Ravens had been sent by the King's Regent to Winterfell. And not too late after that, so was the King's mother. Packed with all her treasures; her two youngest children, chests of gold and silk, servants, dozens of barrels of Dornish wine and any other comforts she deemed necessary.
Stark had accepted; just as he had been manipulated to.
"I demand to know who in the Seven Hells you are!" The fury of the Regent, which had previously been leashed, exploded. He stormed into the crammed little room that was the Young Maester's chambers, with a sword ready in hand to extract his rage on the little man that played him like a pawn.
"Seven greetings to you too, my lord," Howland set aside his book and quill to face the Stark lord.
"What is your game?! What do you want? Why have you played my family into this game?"
"My dear Lord Stark, you are the one that put your family into this game. You are the one that listened to the whispers of the various vipers and vermin of this court. You agreed to the match between the hateful Lannister woman and your trueborn son. I only suggested the path. But you walked it."
"Your words are venom. And I swear on my life that I will never let them seep into my ears again!"

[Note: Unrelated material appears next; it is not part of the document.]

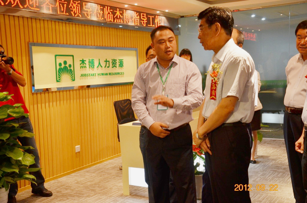 杰博寧波分公司總經(jīng)理王晶燁代表公司向各級(jí)領(lǐng)導(dǎo)匯報(bào)了杰博的經(jīng)營(yíng)理念和運(yùn)營(yíng)現(xiàn)狀。王曉初副部長(zhǎng)在聽(tīng)取王總匯報(bào)后,首先肯定了杰博在勞務(wù)派遣方面取得的成績(jī),并親切詢問(wèn)杰博未來(lái)幾年的發(fā)展規(guī)劃。最后,王曉初副部長(zhǎng)表示希望杰博繼續(xù)立足寧波、服務(wù)長(zhǎng)三角,做強(qiáng)做大、與園區(qū)共同發(fā)展,發(fā)揮集聚產(chǎn)業(yè)、拓展服務(wù)、培育市場(chǎng)、打造高地的四大功能,成為基礎(chǔ)人才服務(wù)和經(jīng)營(yíng)性人才服務(wù)齊頭并進(jìn)的人力資源綜合解決方案供應(yīng)商。

"You'll be regretting that vow when you realise that I saved your family."
Stark's flaring eyes pierced into the Maester. "Who are you? What's your true name? Some kind of a Lannister rat?"
"Not a Lannister one."
"Then what? What are you really?"
The Maester considered it and he felt real temptation to tell the proud lord. He wanted to see the stunned look on Eddard Stark's face once the identity was revealed. The satisfaction would be so sweet. "The Pride of the Citadel."
The sword that Lord Stark held in his hand suddenly gleamed and lifted in the air, ready to strike. "I'll ask you again. I demand to know who you truly are, as Regent of the Seven Kingdoms and in the name of our King!"
Howland sat there, all smug and cunning. "You give me an empty threat. You'll never strike me because if I die my secret dies with me. And you will walk out of this room a murderer."
Eddard Stark fumed, growled and slammed his hand on the table but he left anyway. The Stark frozen patience cooled the scorching anger. "This is not over." The door slammed behind him.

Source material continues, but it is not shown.